Из трюма слышен раскатистый храп. Кому он принадлежит, сложно сказать. Жозели или Марии? А может, это трубит брачную песнь заползший на судно морской слон… Жозель еще вчера предрекала, что такое непременно произойдет, если Карлос не заделает пробоину, которая уже два месяца как зарастает ржой. Возможно, капитан надеется, что однажды она зарастет совсем.
Тише, дружок, пригнись! Сходни стонут под тяжелыми неровными шагами, широкая ладонь безжалостно стискивает поручень, удерживая в равновесии теряющее опору тело. Судовой фонарь бросает на причал медвежью тень, дежурный, Трубач, открывает и снова закрывает глаза, лениво кивнув: Рауль вернулся домой.
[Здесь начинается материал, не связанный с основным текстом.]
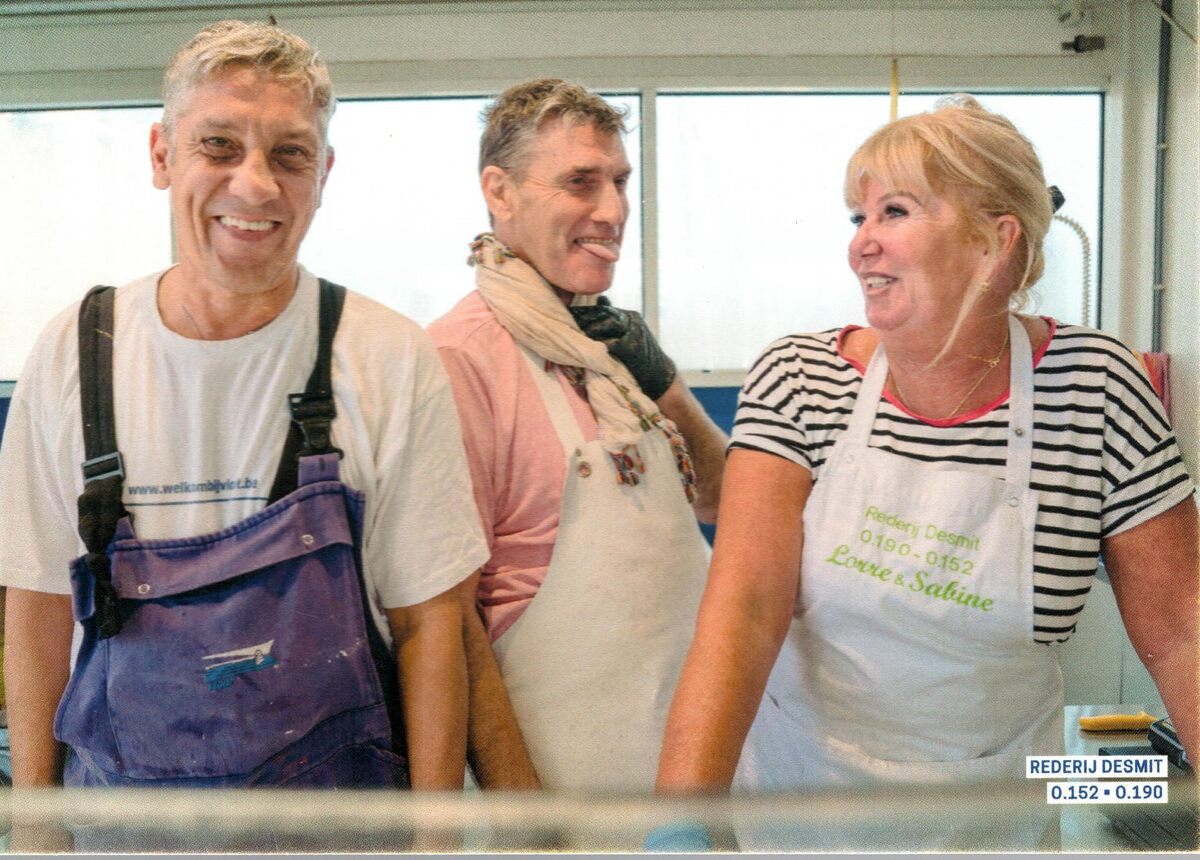 Formaat : 10,5 x 15 cm. - De garnalen uit de Oostendse garnaalkroketten komen rechtstreeks van onze vissers. - Familie Desmit op de vistrap. Links met blauwe overall John Desmit, matroos bij DAB Vloot (info door Adriën Barbé)
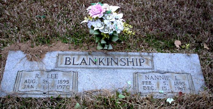 | Blankinship, R. Lee | 8-26-1895 | 1-11,1970 | Double Stone with Nannie L. Blankinship | NJ |

Да, “Травиеса”, это плавучее корыто – их единственный дом. И он связывает всех крепче, чем родственные узы.
Рауль идет по палубе медленно, стремительно опадающая за кромку леса луна вертится в небесах, рассыпая по глади воды искры, словно фейерверк. Доски вздыхают под весом, дверь в носовую каюту никак не находится, зато находится борт, за который можно слить излишки крепкого пойла вместе с головокружением. Не страшно: в бутылке осталось еще. Рауль полощет рот и проталкивает внутрь новый обжигающий глоток, преодолевая сопротивление собственного горла.
Дверь в каюту отыскивается, Рауль садится на постель, глядя в круглое качающееся оконце, словно в гадальный шар. Пить больше не надо: блаженно-плотный туман в разуме надежно скрыл все острые углы.
Но покой палубных досок нарушается снова. Эти другие шаги: легкие и быстрые, они крадутся у самого борта, и даже судовой фонарь не в силах выловить живую тень из перекатывающейся через палубу умирающей ночи. Шаги замирают у двери в каюту, медная ручка поворачивается со звонким щелчком. Тень исчезает во тьме.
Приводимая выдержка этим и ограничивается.